そうだったのか!3C分析
3C分析は、Customer(顧客)、Competitor(競合)、Company(自社)の3つの視点から、自社が勝てる領域=成功要因を導く方法です。
大前研一氏が示す3C分析の本質は、「お客様が求め、競合が避ける“未解決の困りごと”を、自社の強みで独占する」という一点に集約されます。

つまり、成功の主語はつねに「お客様」にあります。
未解決の困りごとが戦略の起点
お客様の困りごとを解決しても、競合も同じ解決策を持っていたら価格競争になってしまいます。
- Customer(お客様の悩み):お客様自身が気づいていない、仕方ないと諦めている不便さ
- Competitor(競合の弱点):採算性、古い慣習、組織の硬直化など競合が動けない理由
- Company(自社の強み):技術、文化、スピードなど他社には真似できない独自の資源
3つのCが重なる勝ち筋を見極めれば、競合と比較されずに選ばれる実質的な独占状態をつくることができます。
カクヤスが掌握した業界の急所
「敵の急所は我が急所」という格言があります。

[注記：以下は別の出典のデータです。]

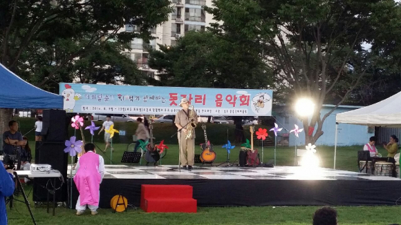 한편, 9일 7시 성밖숲 야외마당에서 개최된 「돗자리음악회」는 풍물굿패 어울림(회장 전영미)주관으로 영남사물놀이, 색소폰공연, 통기타 공연뿐만 아니라 공연 사이에 띄어준 재난 영상은 관내주민뿐 아니라 성주를 방문한 외국인에게도 가족의 소중함을 일깨워 주는 아주 뜻 깊은 계기가 되었다.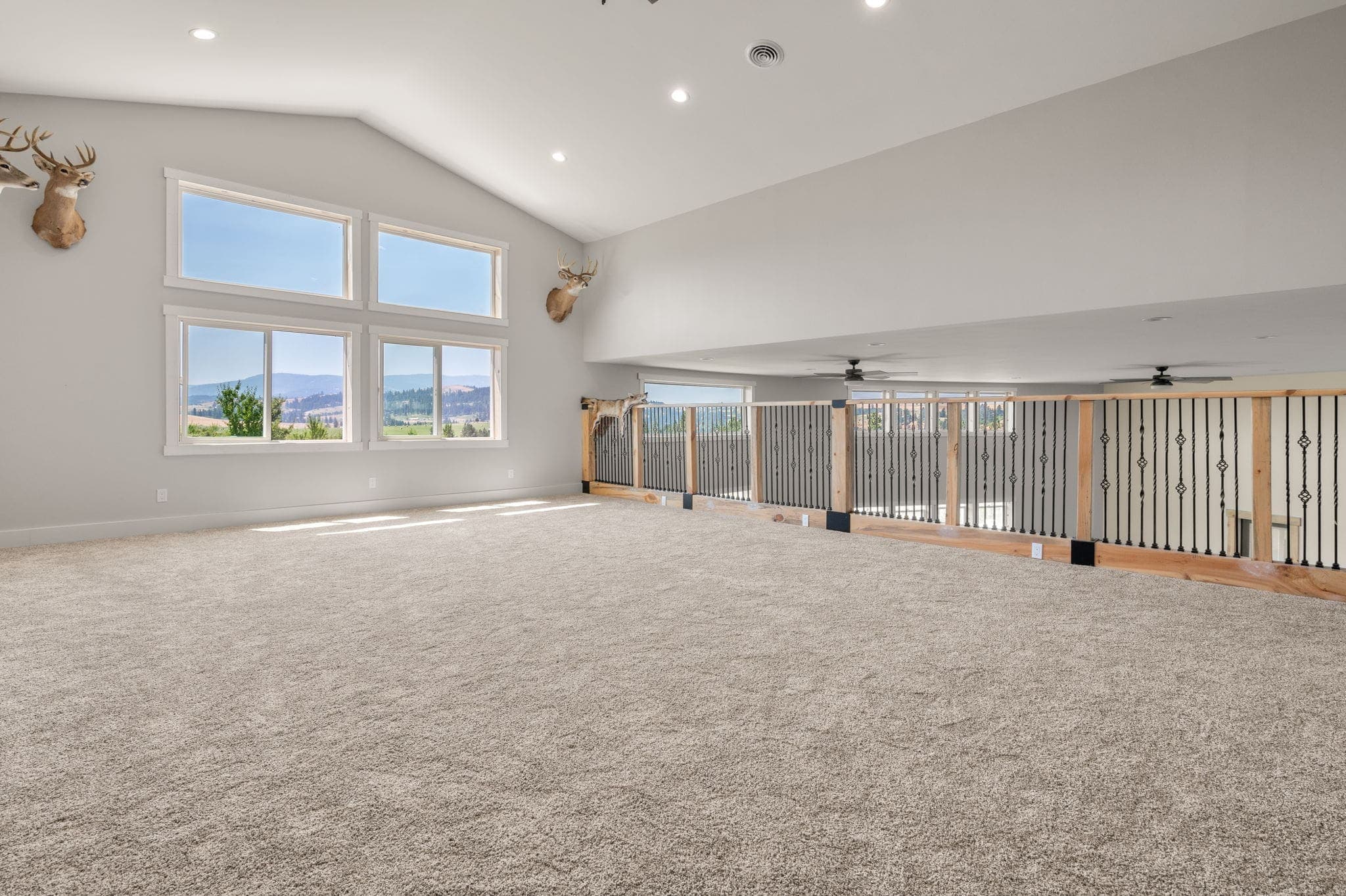 Experience rural mountain luxury living in this extraordinary, custom finished 4-bedroom, 4 full bathrooms, two story estate on 5 maintainable, fully fenced acres. Whitetail deer, elk, pheasants, and other wildlife visit the property and surrounding area year-round. Come see this home in person and you will never want to leave! Improvements Spacious barn and extra storage shed are in addition to the covered RV parking, the 2-car garage with large storage room behind, and the massive double bay shop with an office above and an additional attached storage room that can easily be a 5th bedroom. This home defines comfort and luxury w/ high-end designer finishes & an unmatched blend of indoor-outdoor living. Floor to ceiling blued pine finish windows grace the main great room with Mohawk Revwood plus flooring throughout. Stunning custom-built blued pine and wrought iron staircase and railing leads up to the second level. Come home to your own piece of heaven on earth in Idaho with unparalleled mountain views as far as the eye can see, and skies lit up with the constellations at night. Every detail has been meticulously crafted from the massive gourmet kitchen w/ double custom granite island over 16ft long and 5.5 ft wide, to the custom cabinetry, all new stainless appliances, ILVE Italian made gas/electric oven in the main kitchen with hammered copper vent hood and matching copper farm sink. The vaulted ceilings, expansive walls and striking ceiling beams are a hunters dream for mounts or bring your fine art collection! The expansive 5840 ft floor plan seamlessly connects the living spaces, creating an ideal environment for both entertaining & comfort. The second, full butlers’ kitchen, with stainless appliances and inlaid copper sink is what most homes boast as the only kitchen. The main level master wing is a true retreat exuding spa-like luxury, featuring a fireplace, massive double walk-in shower, oversized soaking tub, and both his and hers oversized walk-in closets. The second level features a spacious loft-style family/game room, 2 full bathrooms, and 3 more bedrooms including an en suite. Whether this is your forever home, a vacation home, hunting lodge, or an Air bnb/wedding venue, all of life’s greatest moments and memories can be made and shared here!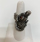 New Women' s Silver Pewter Pave Rhinestone Gator Red Eye Alligator Stretch Ring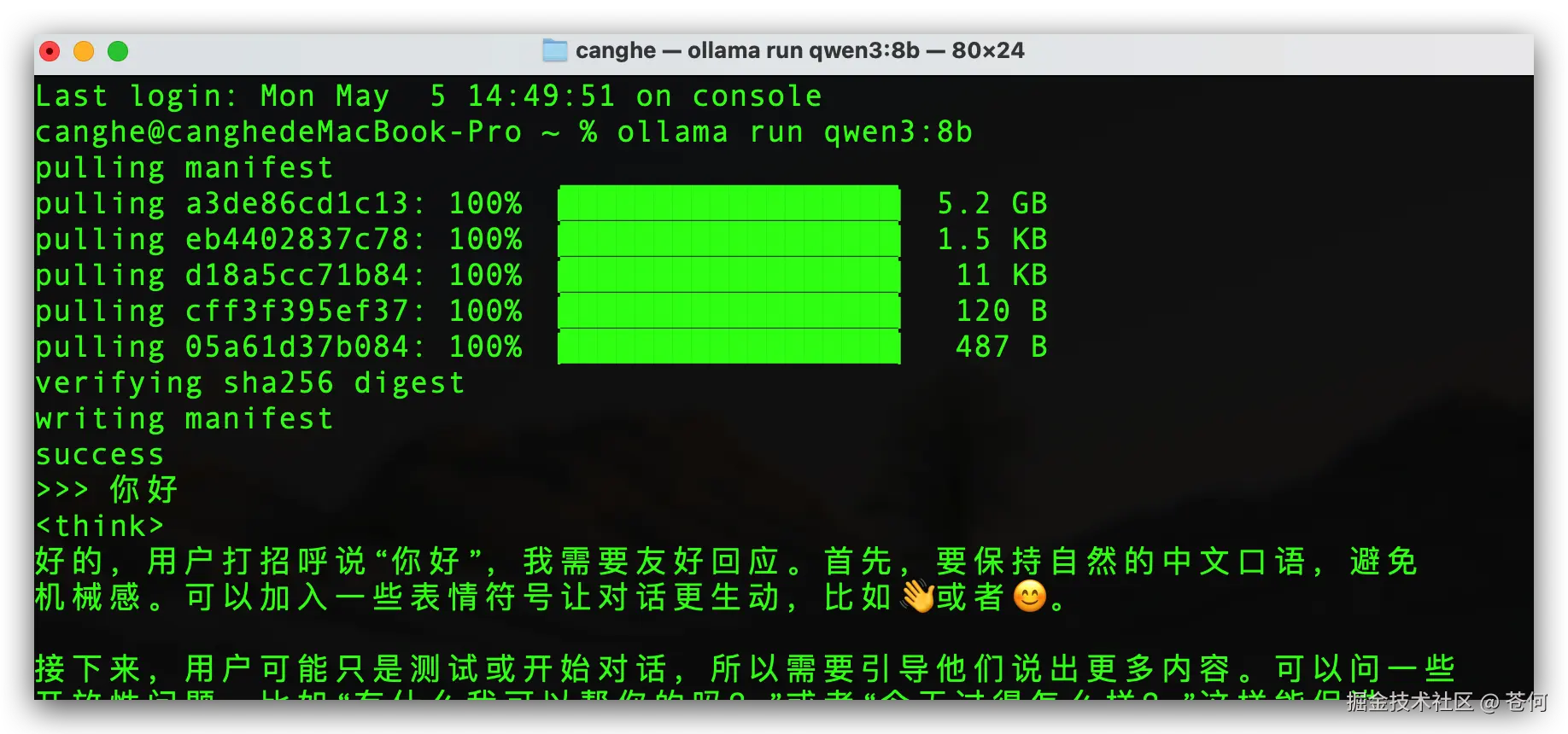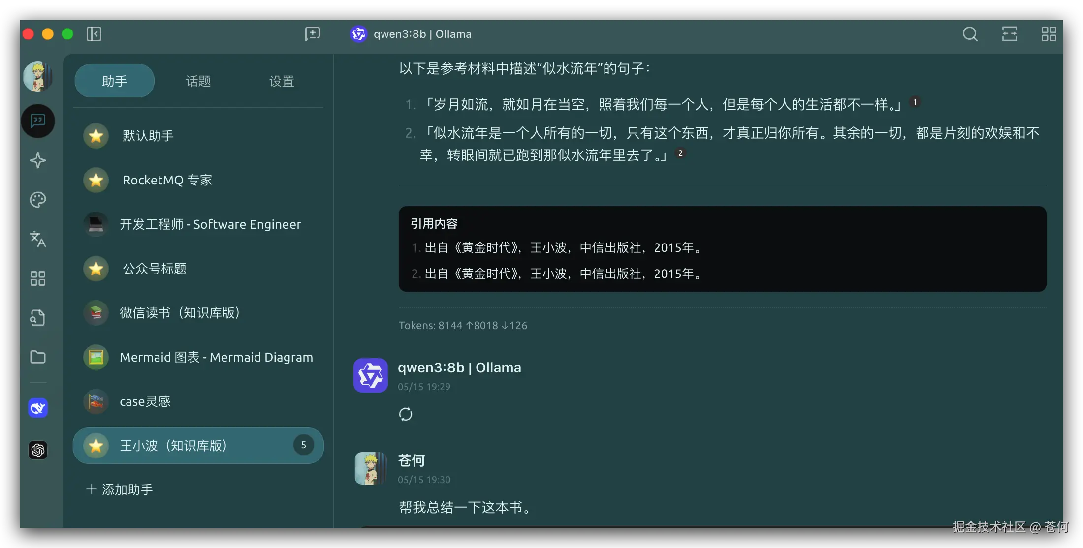 我的 Mac 部署的是最新的 Qwen3-8b,如果配置再好点,搞个 14b,那效果又上一个层次了。

自社が抑えたいポイントは、競合にとっても死守すべき、あるいは攻略されたくない急所です。
- 敵の急所はどこか?
→ お客様が最後に選ぶ決め手となるポイント - 競合が真似できないことは何か?
→ 自社だけの独自の強み - 自社の資源をどこに張るか?
→ 選択と集中で勝ち筋を作る

酒類小売のカクヤス(ひとまいる)は、競合が効率優先で避けたラストワンマイルの配送を掌握しました。



カクヤスの3C分析
| 3Cの視点 | 成功要因 |
| Customer | 「重いお酒を、今すぐ1本から自宅に届けてほしい」という切実なニーズを解決 |
| Competitor | 配送効率を重視して非効率と避けた個人宅への少量即時配送を解決 |
| Company | 店舗網・リヤカー・小型車を活用し、非効率を仕組みで解決 |
カクヤスは、競合が手を出せない領域で勝ち筋を作り、競合と比較されず選ばれる状態、つまり競争の無効化を実現しました。